Provided material »
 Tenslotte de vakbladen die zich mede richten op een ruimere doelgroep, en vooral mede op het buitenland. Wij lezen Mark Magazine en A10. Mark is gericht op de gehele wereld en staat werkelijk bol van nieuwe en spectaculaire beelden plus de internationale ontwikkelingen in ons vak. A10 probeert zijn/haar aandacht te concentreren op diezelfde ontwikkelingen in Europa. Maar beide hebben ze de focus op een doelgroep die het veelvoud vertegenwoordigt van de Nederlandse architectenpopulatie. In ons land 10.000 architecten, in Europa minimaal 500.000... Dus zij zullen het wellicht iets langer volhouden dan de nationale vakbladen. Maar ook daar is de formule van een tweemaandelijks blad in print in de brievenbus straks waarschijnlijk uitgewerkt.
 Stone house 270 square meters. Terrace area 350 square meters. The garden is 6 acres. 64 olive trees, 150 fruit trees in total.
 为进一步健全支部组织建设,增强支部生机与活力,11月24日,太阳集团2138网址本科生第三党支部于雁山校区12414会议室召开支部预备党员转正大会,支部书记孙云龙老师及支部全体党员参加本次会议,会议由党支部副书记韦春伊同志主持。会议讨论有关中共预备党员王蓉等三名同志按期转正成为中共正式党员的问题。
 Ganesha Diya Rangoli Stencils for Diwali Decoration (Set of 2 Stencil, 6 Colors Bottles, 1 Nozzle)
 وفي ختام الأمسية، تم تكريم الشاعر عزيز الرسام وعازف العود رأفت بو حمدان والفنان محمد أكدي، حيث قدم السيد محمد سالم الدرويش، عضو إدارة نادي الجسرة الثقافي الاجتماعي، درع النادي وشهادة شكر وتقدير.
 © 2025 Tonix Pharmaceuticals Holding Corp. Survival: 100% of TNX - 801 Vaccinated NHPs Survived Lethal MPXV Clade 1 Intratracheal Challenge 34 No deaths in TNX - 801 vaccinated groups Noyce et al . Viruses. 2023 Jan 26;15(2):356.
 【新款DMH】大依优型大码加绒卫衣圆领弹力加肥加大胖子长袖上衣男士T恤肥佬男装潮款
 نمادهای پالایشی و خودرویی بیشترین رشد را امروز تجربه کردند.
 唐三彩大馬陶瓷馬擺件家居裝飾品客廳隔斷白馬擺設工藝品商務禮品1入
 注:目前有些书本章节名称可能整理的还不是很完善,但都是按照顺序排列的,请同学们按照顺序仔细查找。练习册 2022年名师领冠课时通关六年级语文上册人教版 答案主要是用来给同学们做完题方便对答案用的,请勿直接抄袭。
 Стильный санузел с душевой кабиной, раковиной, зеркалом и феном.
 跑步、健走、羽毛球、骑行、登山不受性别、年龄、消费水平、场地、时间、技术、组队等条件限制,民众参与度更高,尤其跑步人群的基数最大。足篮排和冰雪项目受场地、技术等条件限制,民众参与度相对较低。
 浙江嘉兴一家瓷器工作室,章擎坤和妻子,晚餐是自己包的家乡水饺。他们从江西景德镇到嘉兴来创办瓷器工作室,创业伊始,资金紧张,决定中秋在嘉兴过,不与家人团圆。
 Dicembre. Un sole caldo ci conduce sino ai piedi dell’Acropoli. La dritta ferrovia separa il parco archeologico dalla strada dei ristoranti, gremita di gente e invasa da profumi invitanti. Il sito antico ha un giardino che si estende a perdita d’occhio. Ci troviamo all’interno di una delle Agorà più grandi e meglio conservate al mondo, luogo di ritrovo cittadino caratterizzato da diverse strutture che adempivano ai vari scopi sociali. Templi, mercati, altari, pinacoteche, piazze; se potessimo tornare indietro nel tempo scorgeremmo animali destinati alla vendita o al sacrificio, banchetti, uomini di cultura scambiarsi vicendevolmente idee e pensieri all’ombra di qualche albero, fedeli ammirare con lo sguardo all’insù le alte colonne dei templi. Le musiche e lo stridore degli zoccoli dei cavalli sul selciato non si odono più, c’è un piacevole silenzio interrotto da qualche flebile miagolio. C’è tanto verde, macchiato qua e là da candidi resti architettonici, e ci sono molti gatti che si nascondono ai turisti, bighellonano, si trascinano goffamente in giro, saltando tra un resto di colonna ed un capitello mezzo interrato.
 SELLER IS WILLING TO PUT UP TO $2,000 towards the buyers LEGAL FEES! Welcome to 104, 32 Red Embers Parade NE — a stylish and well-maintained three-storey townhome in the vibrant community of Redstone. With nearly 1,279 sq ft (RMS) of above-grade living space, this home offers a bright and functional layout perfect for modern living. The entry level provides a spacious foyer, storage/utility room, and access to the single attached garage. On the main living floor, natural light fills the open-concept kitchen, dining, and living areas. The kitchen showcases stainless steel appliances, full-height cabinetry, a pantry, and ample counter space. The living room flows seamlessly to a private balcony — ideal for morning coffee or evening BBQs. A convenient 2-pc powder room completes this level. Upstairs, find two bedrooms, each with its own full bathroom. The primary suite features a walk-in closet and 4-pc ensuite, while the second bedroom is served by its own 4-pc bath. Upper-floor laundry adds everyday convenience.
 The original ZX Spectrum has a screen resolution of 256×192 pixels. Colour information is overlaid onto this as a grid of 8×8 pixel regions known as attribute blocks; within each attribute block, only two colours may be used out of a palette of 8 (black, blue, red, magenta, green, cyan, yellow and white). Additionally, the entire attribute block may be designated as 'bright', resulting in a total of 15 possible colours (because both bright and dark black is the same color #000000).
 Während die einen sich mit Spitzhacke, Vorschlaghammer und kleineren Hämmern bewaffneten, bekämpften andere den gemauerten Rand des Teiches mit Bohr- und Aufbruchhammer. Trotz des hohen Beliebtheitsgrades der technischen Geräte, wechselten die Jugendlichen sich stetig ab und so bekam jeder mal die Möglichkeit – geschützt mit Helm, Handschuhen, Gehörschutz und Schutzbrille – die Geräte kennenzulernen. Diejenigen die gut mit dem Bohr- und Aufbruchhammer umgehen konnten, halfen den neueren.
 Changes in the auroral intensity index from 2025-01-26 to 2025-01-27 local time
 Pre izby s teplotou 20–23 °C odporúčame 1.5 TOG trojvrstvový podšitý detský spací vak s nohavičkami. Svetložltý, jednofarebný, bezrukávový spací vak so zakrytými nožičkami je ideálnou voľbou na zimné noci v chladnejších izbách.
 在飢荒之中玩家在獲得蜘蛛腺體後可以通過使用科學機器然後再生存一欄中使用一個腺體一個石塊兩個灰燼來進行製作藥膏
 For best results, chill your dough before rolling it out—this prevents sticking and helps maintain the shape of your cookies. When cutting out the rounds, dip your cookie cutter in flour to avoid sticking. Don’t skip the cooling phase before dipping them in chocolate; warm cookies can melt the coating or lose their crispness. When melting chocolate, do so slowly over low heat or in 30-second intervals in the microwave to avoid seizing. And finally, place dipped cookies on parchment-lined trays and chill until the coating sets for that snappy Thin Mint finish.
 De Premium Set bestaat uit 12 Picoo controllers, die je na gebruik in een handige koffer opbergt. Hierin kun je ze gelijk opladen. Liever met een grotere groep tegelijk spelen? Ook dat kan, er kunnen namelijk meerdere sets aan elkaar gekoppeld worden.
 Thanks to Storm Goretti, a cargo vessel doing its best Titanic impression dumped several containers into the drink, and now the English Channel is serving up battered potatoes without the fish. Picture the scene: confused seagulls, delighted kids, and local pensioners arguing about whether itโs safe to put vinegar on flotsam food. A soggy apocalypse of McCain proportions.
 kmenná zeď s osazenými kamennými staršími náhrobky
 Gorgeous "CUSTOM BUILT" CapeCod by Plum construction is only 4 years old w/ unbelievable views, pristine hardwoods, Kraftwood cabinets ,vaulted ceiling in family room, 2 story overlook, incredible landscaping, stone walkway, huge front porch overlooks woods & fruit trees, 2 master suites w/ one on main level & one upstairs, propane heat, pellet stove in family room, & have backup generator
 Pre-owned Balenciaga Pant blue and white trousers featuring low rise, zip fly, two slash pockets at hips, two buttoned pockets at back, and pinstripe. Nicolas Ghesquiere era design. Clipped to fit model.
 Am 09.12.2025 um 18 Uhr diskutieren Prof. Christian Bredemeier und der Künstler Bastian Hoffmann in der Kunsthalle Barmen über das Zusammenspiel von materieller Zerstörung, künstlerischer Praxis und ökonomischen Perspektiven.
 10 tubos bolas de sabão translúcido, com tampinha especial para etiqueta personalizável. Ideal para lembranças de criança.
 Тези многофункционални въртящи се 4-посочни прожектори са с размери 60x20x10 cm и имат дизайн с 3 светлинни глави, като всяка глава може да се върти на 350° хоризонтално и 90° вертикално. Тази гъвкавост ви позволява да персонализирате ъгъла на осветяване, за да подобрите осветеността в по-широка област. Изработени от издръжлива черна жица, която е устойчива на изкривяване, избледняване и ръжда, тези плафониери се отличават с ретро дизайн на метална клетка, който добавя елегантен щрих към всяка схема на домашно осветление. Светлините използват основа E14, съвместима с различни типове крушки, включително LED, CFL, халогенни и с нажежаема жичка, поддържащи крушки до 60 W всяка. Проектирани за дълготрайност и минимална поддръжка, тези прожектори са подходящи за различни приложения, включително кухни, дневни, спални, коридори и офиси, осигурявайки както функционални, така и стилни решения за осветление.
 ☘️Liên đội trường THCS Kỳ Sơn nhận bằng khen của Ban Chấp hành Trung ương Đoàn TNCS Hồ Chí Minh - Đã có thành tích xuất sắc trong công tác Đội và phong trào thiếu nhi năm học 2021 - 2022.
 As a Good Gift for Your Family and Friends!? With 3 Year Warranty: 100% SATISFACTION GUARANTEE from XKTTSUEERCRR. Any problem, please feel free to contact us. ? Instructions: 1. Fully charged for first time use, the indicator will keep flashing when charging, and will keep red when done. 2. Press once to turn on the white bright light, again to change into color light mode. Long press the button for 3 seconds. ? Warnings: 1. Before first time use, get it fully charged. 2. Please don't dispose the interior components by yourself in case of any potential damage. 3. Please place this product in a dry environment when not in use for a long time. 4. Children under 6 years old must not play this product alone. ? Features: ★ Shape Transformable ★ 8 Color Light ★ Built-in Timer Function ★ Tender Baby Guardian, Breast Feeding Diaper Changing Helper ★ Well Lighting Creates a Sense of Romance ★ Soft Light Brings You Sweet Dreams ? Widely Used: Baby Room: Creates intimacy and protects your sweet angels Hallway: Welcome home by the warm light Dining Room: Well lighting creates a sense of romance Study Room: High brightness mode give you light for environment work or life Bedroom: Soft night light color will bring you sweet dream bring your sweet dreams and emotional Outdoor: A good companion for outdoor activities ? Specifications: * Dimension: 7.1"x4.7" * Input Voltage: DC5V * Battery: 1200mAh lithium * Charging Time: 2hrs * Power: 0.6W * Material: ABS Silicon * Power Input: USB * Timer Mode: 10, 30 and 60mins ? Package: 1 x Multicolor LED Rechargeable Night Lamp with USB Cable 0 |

What the task requires » The stretch of entries above that starts with the line containing "Am 09.12.2025 um" and goes on through the line containing "2021 - 2022." is to be transcribed exactly, and no other line is to be transcribed.

Task response »
 Am 09.12.2025 um 18 Uhr diskutieren Prof. Christian Bredemeier und der Künstler Bastian Hoffmann in der Kunsthalle Barmen über das Zusammenspiel von materieller Zerstörung, künstlerischer Praxis und ökonomischen Perspektiven.
 10 tubos bolas de sabão translúcido, com tampinha especial para etiqueta personalizável. Ideal para lembranças de criança.
 Тези многофункционални въртящи се 4-посочни прожектори са с размери 60x20x10 cm и имат дизайн с 3 светлинни глави, като всяка глава може да се върти на 350° хоризонтално и 90° вертикално. Тази гъвкавост ви позволява да персонализирате ъгъла на осветяване, за да подобрите осветеността в по-широка област. Изработени от издръжлива черна жица, която е устойчива на изкривяване, избледняване и ръжда, тези плафониери се отличават с ретро дизайн на метална клетка, който добавя елегантен щрих към всяка схема на домашно осветление. Светлините използват основа E14, съвместима с различни типове крушки, включително LED, CFL, халогенни и с нажежаема жичка, поддържащи крушки до 60 W всяка. Проектирани за дълготрайност и минимална поддръжка, тези прожектори са подходящи за различни приложения, включително кухни, дневни, спални, коридори и офиси, осигурявайки както функционални, така и стилни решения за осветление.
 ☘️Liên đội trường THCS Kỳ Sơn nhận bằng khen của Ban Chấp hành Trung ương Đoàn TNCS Hồ Chí Minh - Đã có thành tích xuất sắc trong công tác Đội và phong trào thiếu nhi năm học 2021 - 2022.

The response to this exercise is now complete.